3:01 pm on Jul 22, 2004 (gmt 0)

Hello

Google sees both www.example.com and example.com, When i type in site:example.com google shows the domain but also has this below:

"In order to show you the most relevant results, we have omitted some entries very similar to the 1 already displayed. If you like, you can repeat the search with the omitted results included."

when i click that it then proceeds to show me the www and the non www example domains on top of one another, Im really concerned this may trip some dup content filter.

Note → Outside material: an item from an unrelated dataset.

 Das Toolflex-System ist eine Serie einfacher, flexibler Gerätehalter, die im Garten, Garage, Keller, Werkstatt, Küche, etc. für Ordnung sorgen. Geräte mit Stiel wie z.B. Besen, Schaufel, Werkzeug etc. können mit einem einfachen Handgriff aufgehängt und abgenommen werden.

Right now when i type example.com and www.example.com seperatly both names stick in the browser and i can browse without either changing, I really want for google and for people visiting to only see the example.com version. Is there some way using htaccess perhaps to force google to only see example.com and to enforce people who type or visit www.example.com to be redirected to example.com only?

Thanks for your time
Mark

DaveAtIFG

3:55 pm on Jul 22, 2004 (gmt 0)

Technically speaking, www.example.com is a subdomain of example.com. Google differentiates and often indexes both, usually because they find links to both I suspect.

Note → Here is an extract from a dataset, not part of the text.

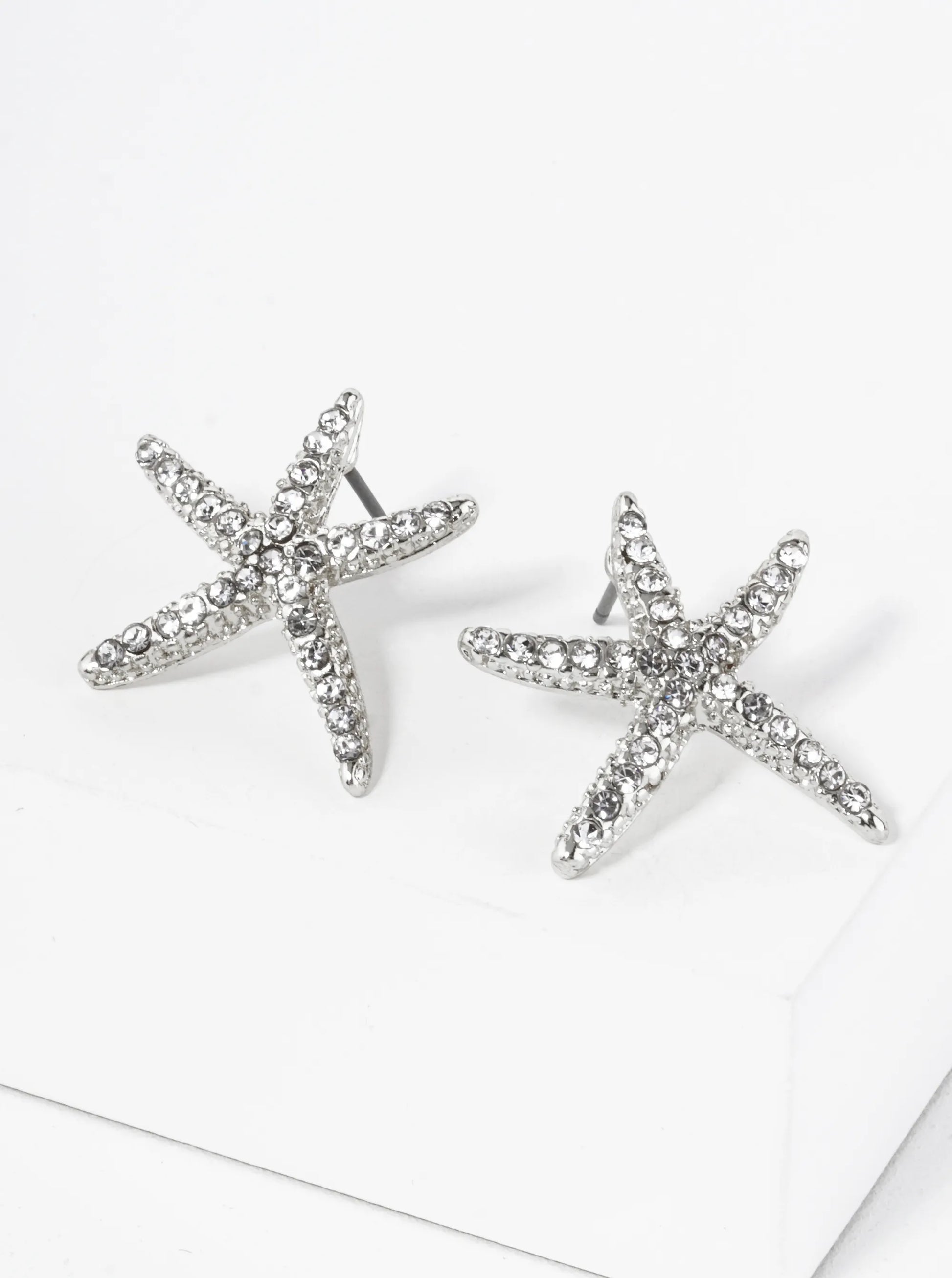 Pearl And Crystal Pave 20mm Starfish Stud Earrings

You can use a 301 redirect to correct this for ALL SEs, and it will also consolidate your PR which is probably split between the domains presently.

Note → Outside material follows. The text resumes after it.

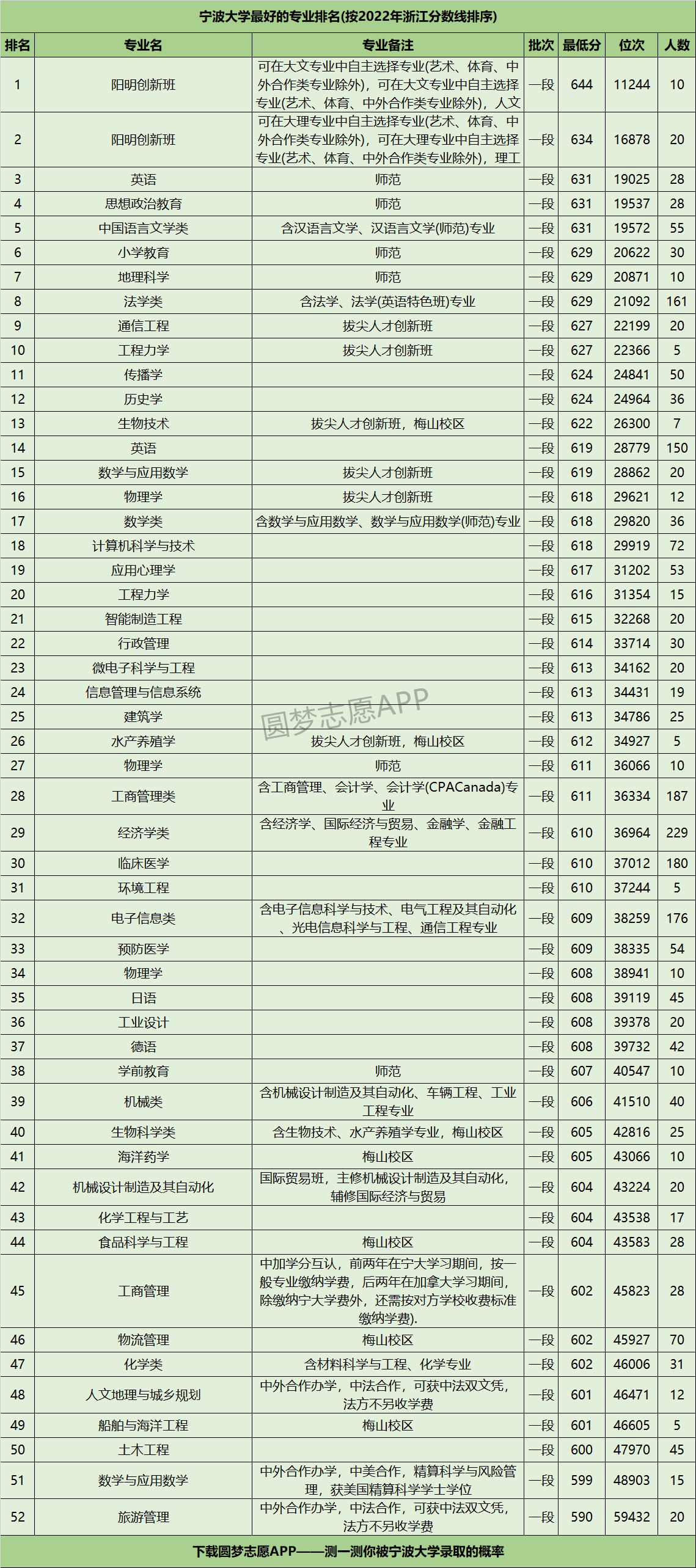 友情提醒:下载圆梦志愿APP,可查阅宁波大学在你的高考省份各专业的录取分数线、位次排名。(各大手机应用市场均可下载圆梦志愿APP)

I use this code in my .htacces file to accomplish the redirect:

RewriteEngine on
RewriteCond %{HTTP_HOST} !^example\.com
RewriteRule ^(.*)$ http://example.com/$1 [R=301]

If memory serves, it can take several months for Google to get this all sorted out. Using the Server Header Check [webmasterworld.com] is a convenient way to verify that your redirect is doing what you intend.

MagicDaddy

4:46 pm on Jul 22, 2004 (gmt 0)

That worked a treat, Any attempt to access www version now redirects correctly, Thankyou for your help Dave!

rfgdxm1

10:33 pm on Jul 22, 2004 (gmt 0)

Can anyone give the correct .htaccess file to redirect all requests to example.com to www.example.com? Also, do .htacess files get loaded at the root directory or public_html?

DaveAtIFG

1:08 am on Jul 23, 2004 (gmt 0)

Use:

RewriteEngine on
RewriteCond %{HTTP_HOST} !^www\.example\.com
RewriteRule ^(.*)$ http://www.example.com/$1 [R=301,L]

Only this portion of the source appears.